The problem – In the answer, each entry below appears exactly as given, and no picture appears at all.

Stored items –

────

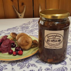handgeschnitten aus der Wildschweinkeule, verfeinert mit der herben Note der Cranberries
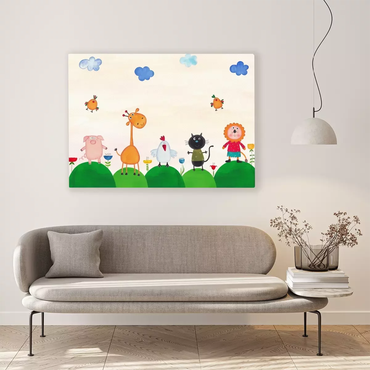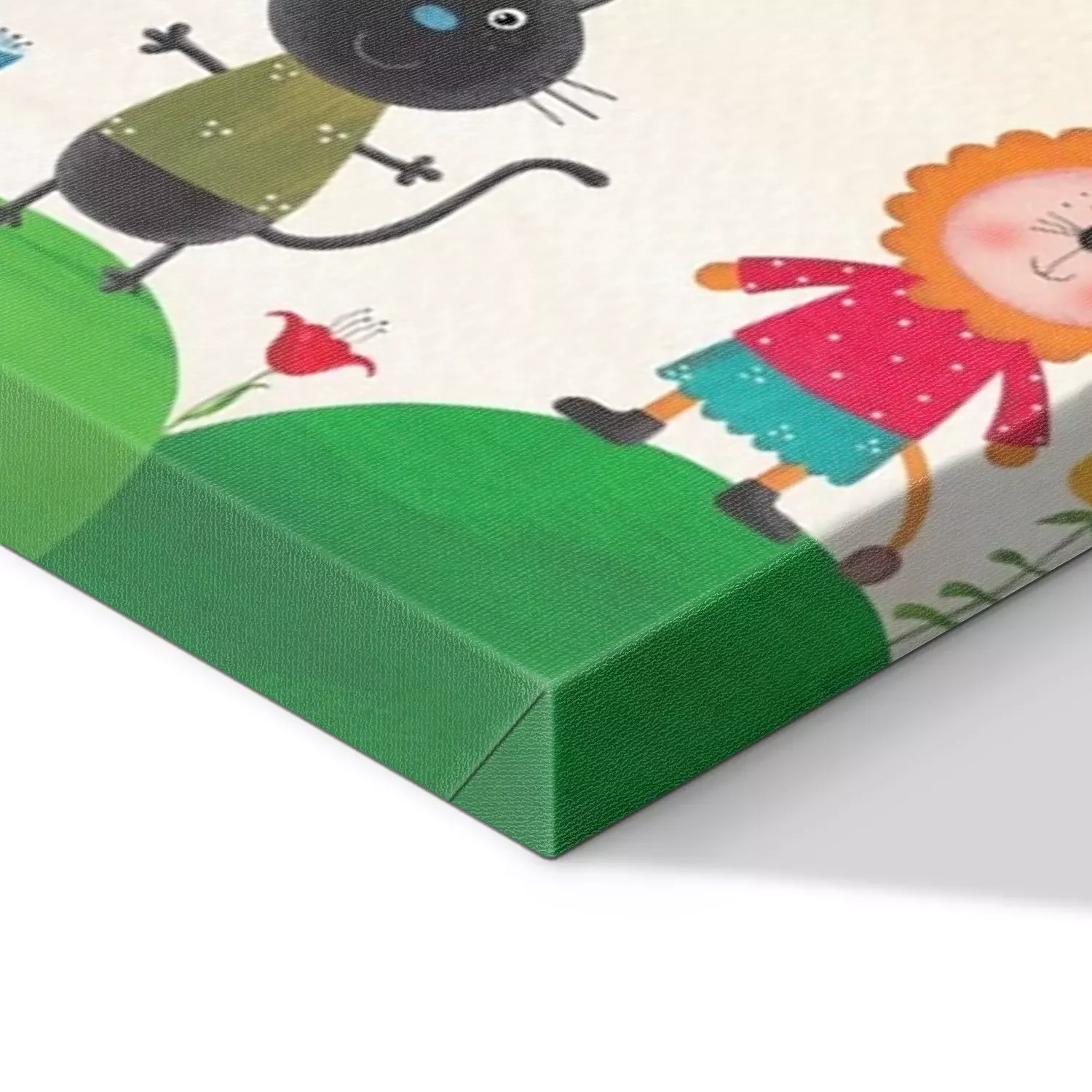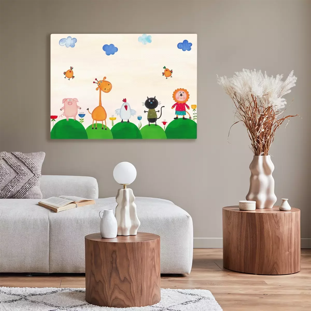 Canvas: Grappige dieren op groene heuvels
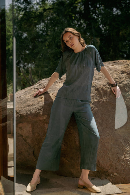 FT68565 | CRINKLE REGLAN SHORT SLEEVE BLOUSE
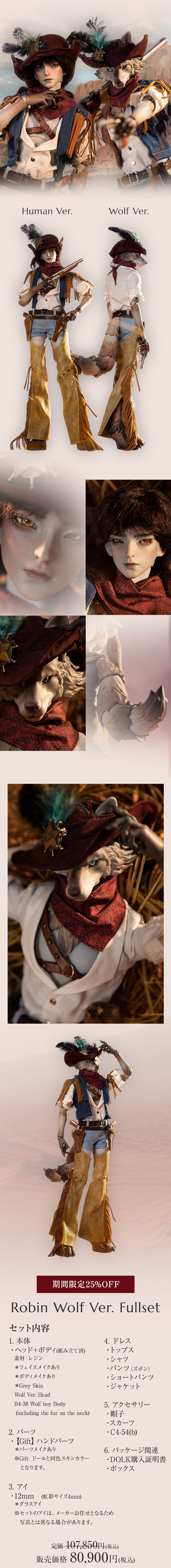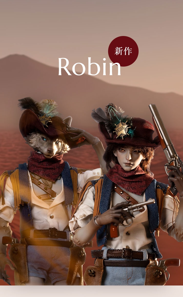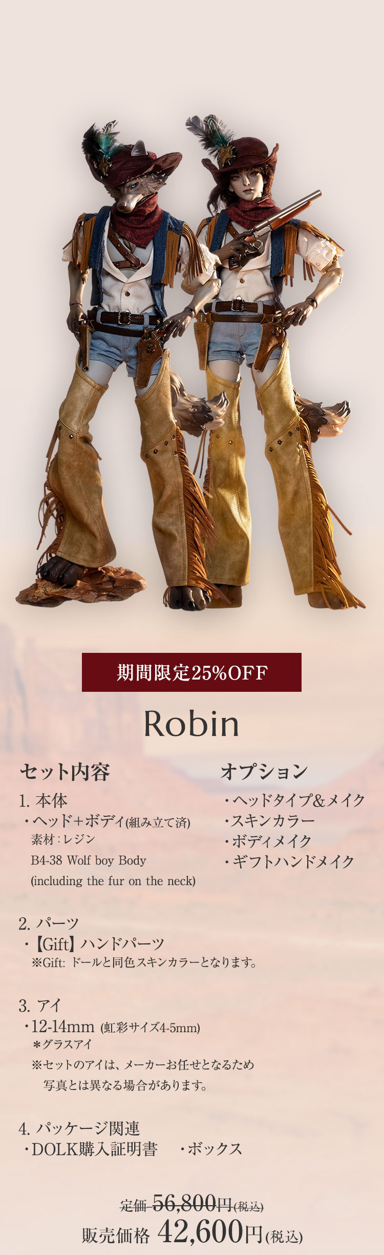 筋肉や毛並みまで精巧に造形された、50cmクラスの新規ウルフボディを採用。 首元のウルフファーパーツは取り外し可能で、荒々しい野性味とエレガントなスタイルの両方をお楽しみいただけます。 ヘッドパーツは、鋭い眼光が印象的なWolf ver.と、凛々しさ漂うHuman ver.の2種類からお選びいただけます。 冒険心をくすぐる、ウエスタンスタイルのフリンジ付き衣装にもぜひご注目を。 さらに今なら、新作ドール『Robin』が25%OFFとなる期間限定キャンペーンを実施中! 受注期間は9月4日(木)まで。 この機会をどうぞお見逃しなく!
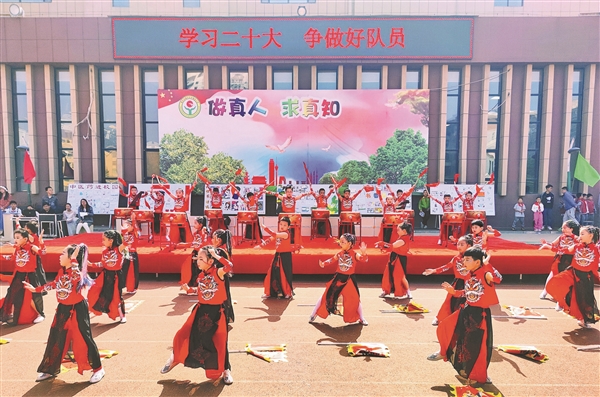 六月一日,榆次区羊毫街小学在“学习二十大 争做好队员”庆“六一”活动中,举行了入队仪式、“六一”表彰、文艺汇演等,通过形式多样的活动厚植学生爱党爱国情怀。图为二年级五班表演的鼓乐舞《中国龙》。通讯员 张 松 摄
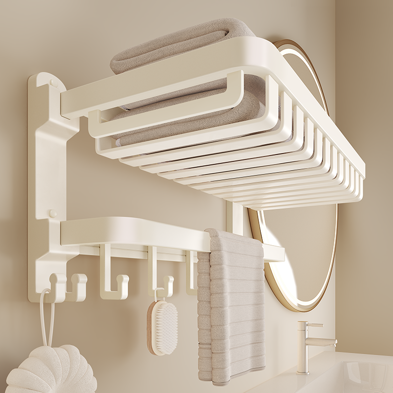 GAOK白色毛巾架浴室折叠浴巾架太空铝免打孔置物架卫浴五金挂件
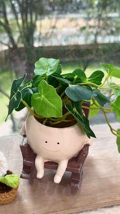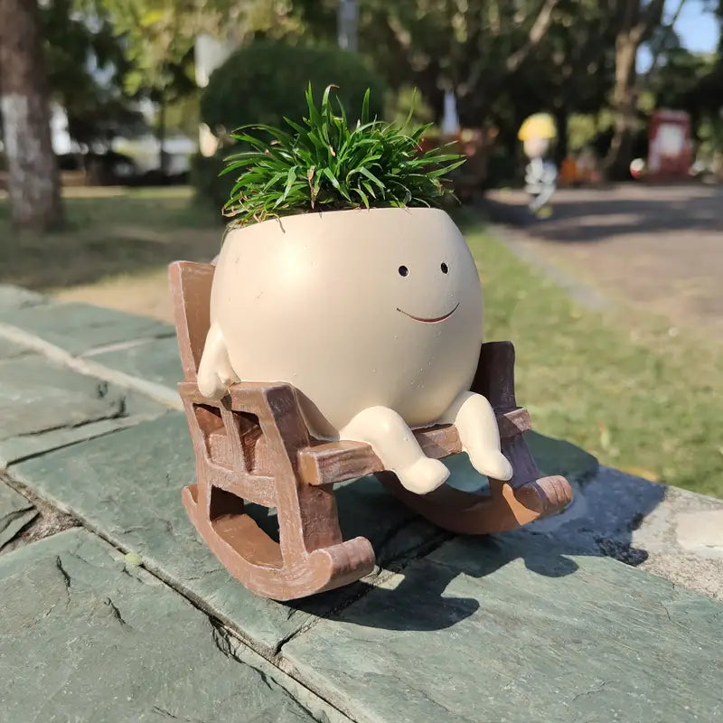 Unlike static planters, this wheelchair planter gently rocks back and forth,
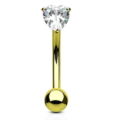 PiercedOff Gold Tone IP over 316L Surgical Steel Curved Barbell with Externally Threadead 3mm Heart Shaped Clear CZ Ball Thickness 16GA (1.2mm) / Length 8mm Size
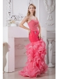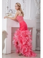 Home >  Prom Dresses >  Best Prom Dresses > Beautiful Coral Red and Light Pink Mermaid High-low Prom Dress with Beading
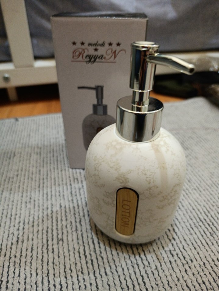 seramik sıvı sabunluk. Zarif çiçek desenli, kullanımı ve dolumu kolay.
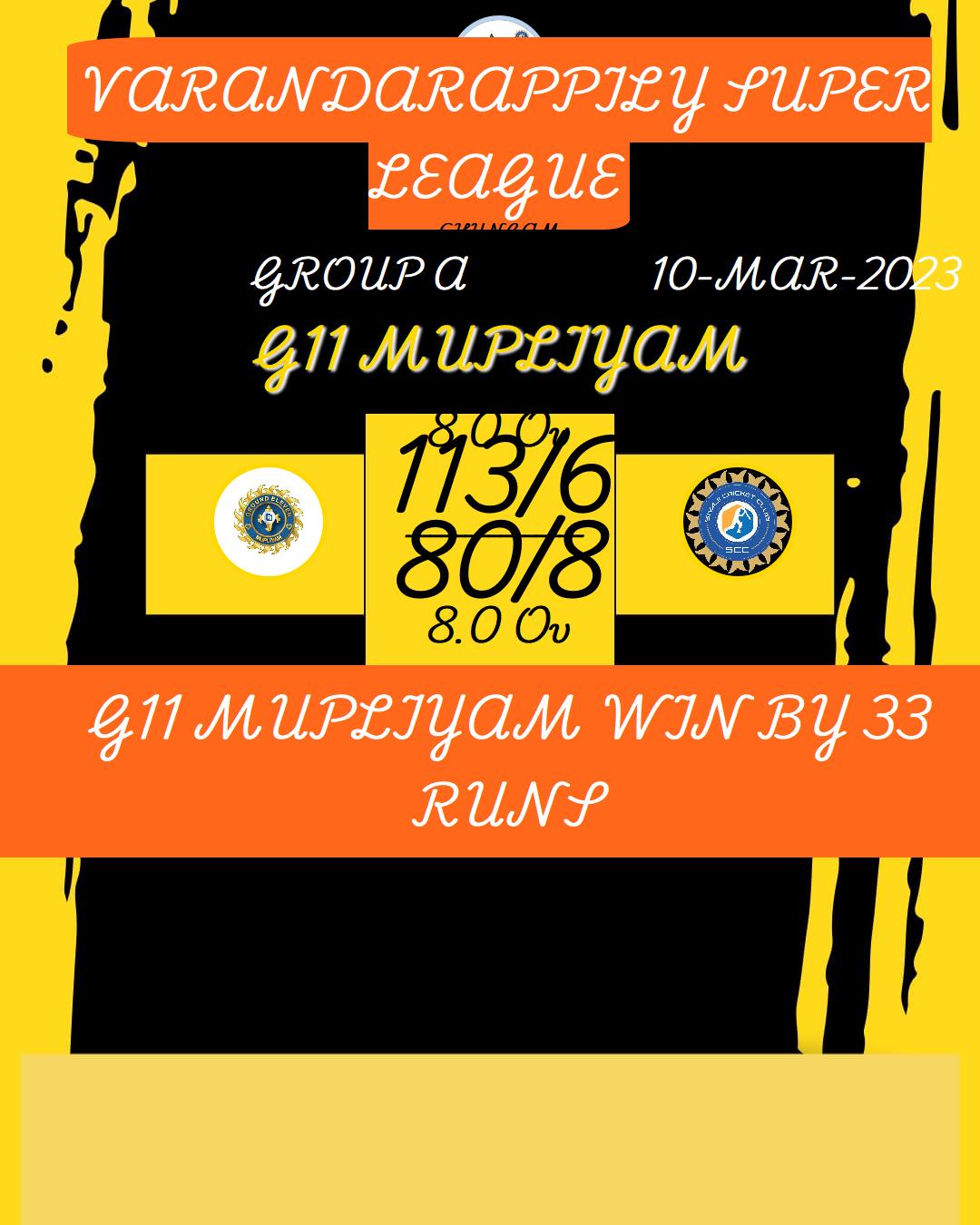G11 MUPLIYAM WIN BY 33 RUNS
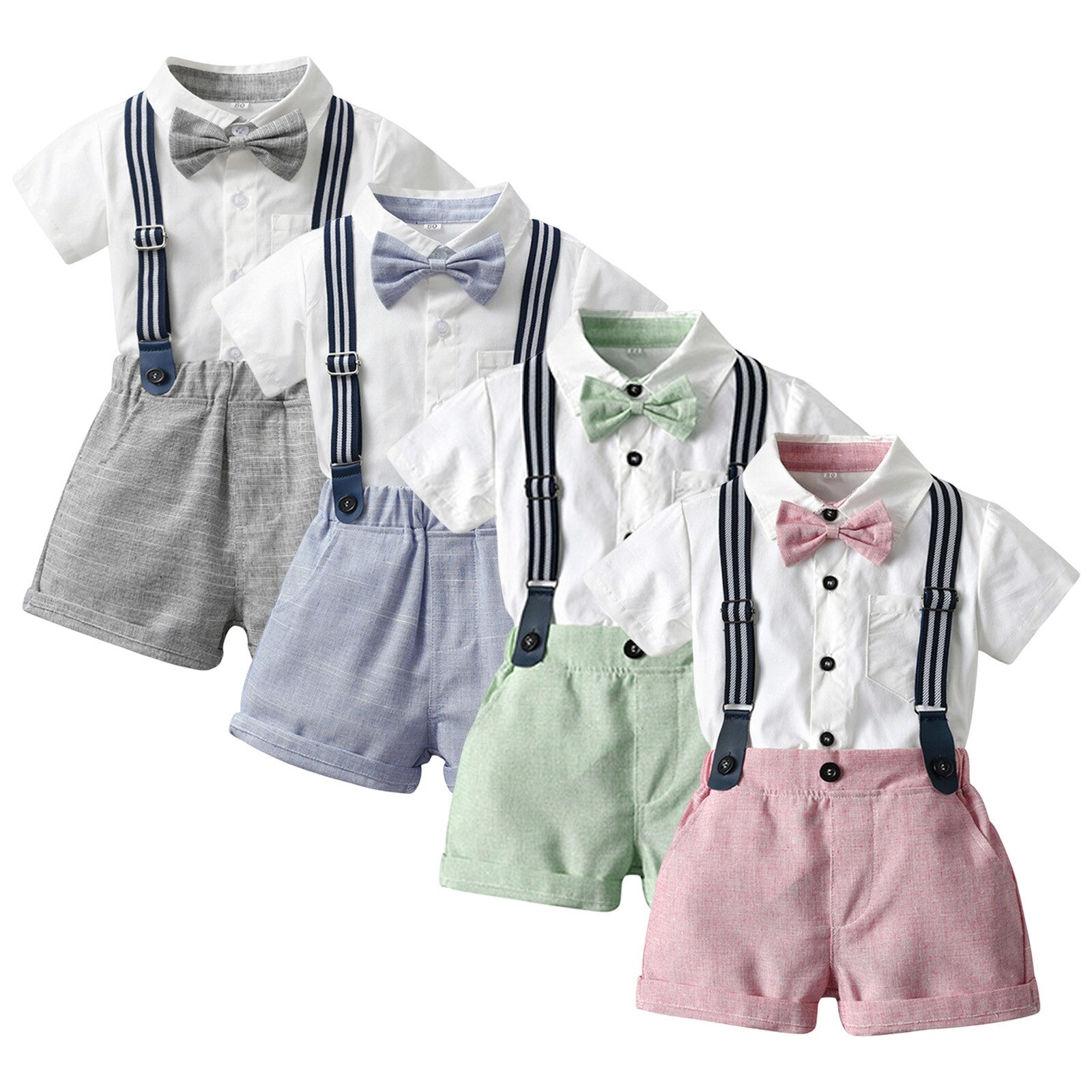 Рубашка с короткими рукавами для маленьких мальчиков; Топы; Шорты с подтяжками; Одежда для маленьких джентльменов; Одежда для новорожденных
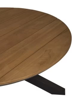 - De Orbital heeft een doorsnee van 120 cm en heeft een robuust onderstel van aluminium met een teakhouten blad.
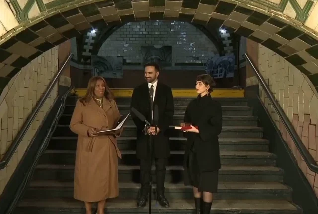 34 سالہ عمر کے ڈیموکریٹ نے آدھی رات کے فورا. بعد ہی ڈس استعمال شدہ پرانے سٹی ہال سب وے اسٹیشن پر حلف لیا ، جو ریاستہائے متحدہ کے سب سے بڑے شہر کی قیادت کرنے والا پہلا مسلمان بن گیا۔
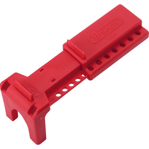 Catalog number: PSL-BV1 Features: ● Locks out the ball valve handle so that it cannot be turned. ● Can be used with handles up to 190 mm from the tip of the valve. Applications: ● Locks out the ball valve handle to prevent malfunction. Specifications: ● Color: Red ● Suitable handle size (mm): 24 x 190.5 ● Usable key space (A) (mm): 25.4 or more ● Attachable padlock shackle diameter: Φ7.6 mm or less ● Requires 25.4 mm or more space when locked ● Made in an ISO9001 certified factory ● Made in an ISO14001 certified factory Material/Finish: ● Polypropylene (PP) Caution: ● Use an insert for narrow handles.
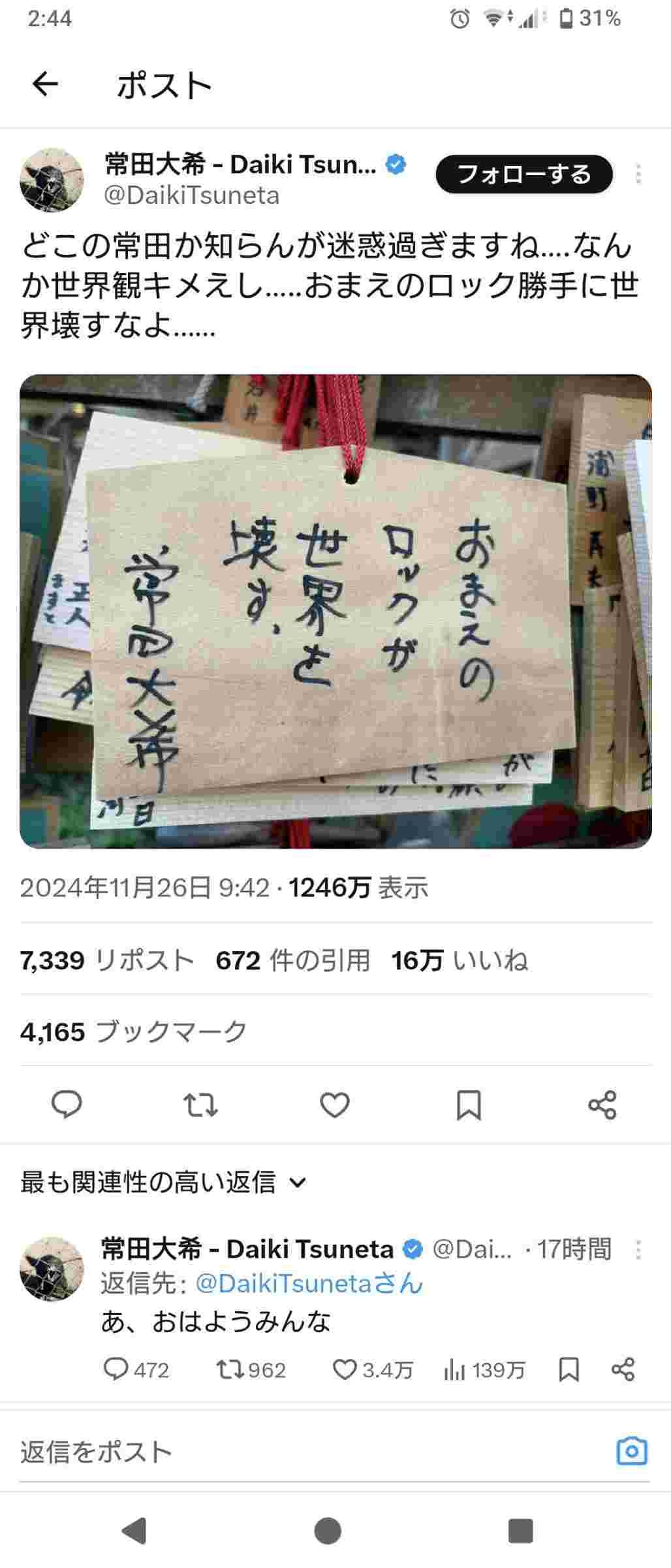 常田大希さん(同姓同名の一般人)に怒り狂う
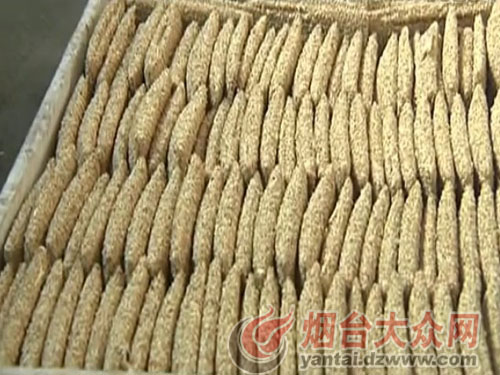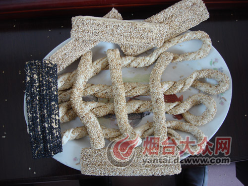 这里说的糖,就是著名的胶东大糖。在当地,人们习惯亲切地称它为“水盘芝麻糖”。

────

Response to this exercise –
handgeschnitten aus der Wildschweinkeule, verfeinert mit der herben Note der Cranberries
 Canvas: Grappige dieren op groene heuvels
 FT68565 | CRINKLE REGLAN SHORT SLEEVE BLOUSE
 筋肉や毛並みまで精巧に造形された、50cmクラスの新規ウルフボディを採用。 首元のウルフファーパーツは取り外し可能で、荒々しい野性味とエレガントなスタイルの両方をお楽しみいただけます。 ヘッドパーツは、鋭い眼光が印象的なWolf ver.と、凛々しさ漂うHuman ver.の2種類からお選びいただけます。 冒険心をくすぐる、ウエスタンスタイルのフリンジ付き衣装にもぜひご注目を。 さらに今なら、新作ドール『Robin』が25%OFFとなる期間限定キャンペーンを実施中! 受注期間は9月4日(木)まで。 この機会をどうぞお見逃しなく!
 六月一日,榆次区羊毫街小学在“学习二十大 争做好队员”庆“六一”活动中,举行了入队仪式、“六一”表彰、文艺汇演等,通过形式多样的活动厚植学生爱党爱国情怀。图为二年级五班表演的鼓乐舞《中国龙》。通讯员 张 松 摄
 GAOK白色毛巾架浴室折叠浴巾架太空铝免打孔置物架卫浴五金挂件
 Unlike static planters, this wheelchair planter gently rocks back and forth,
 PiercedOff Gold Tone IP over 316L Surgical Steel Curved Barbell with Externally Threadead 3mm Heart Shaped Clear CZ Ball Thickness 16GA (1.2mm) / Length 8mm Size
 Home >  Prom Dresses >  Best Prom Dresses > Beautiful Coral Red and Light Pink Mermaid High-low Prom Dress with Beading
 seramik sıvı sabunluk. Zarif çiçek desenli, kullanımı ve dolumu kolay.
G11 MUPLIYAM WIN BY 33 RUNS
 Рубашка с короткими рукавами для маленьких мальчиков; Топы; Шорты с подтяжками; Одежда для маленьких джентльменов; Одежда для новорожденных
 - De Orbital heeft een doorsnee van 120 cm en heeft een robuust onderstel van aluminium met een teakhouten blad.
 34 سالہ عمر کے ڈیموکریٹ نے آدھی رات کے فورا. بعد ہی ڈس استعمال شدہ پرانے سٹی ہال سب وے اسٹیشن پر حلف لیا ، جو ریاستہائے متحدہ کے سب سے بڑے شہر کی قیادت کرنے والا پہلا مسلمان بن گیا۔
 Catalog number: PSL-BV1 Features: ● Locks out the ball valve handle so that it cannot be turned. ● Can be used with handles up to 190 mm from the tip of the valve. Applications: ● Locks out the ball valve handle to prevent malfunction. Specifications: ● Color: Red ● Suitable handle size (mm): 24 x 190.5 ● Usable key space (A) (mm): 25.4 or more ● Attachable padlock shackle diameter: Φ7.6 mm or less ● Requires 25.4 mm or more space when locked ● Made in an ISO9001 certified factory ● Made in an ISO14001 certified factory Material/Finish: ● Polypropylene (PP) Caution: ● Use an insert for narrow handles.
 常田大希さん(同姓同名の一般人)に怒り狂う
 这里说的糖,就是著名的胶东大糖。在当地,人们习惯亲切地称它为“水盘芝麻糖”。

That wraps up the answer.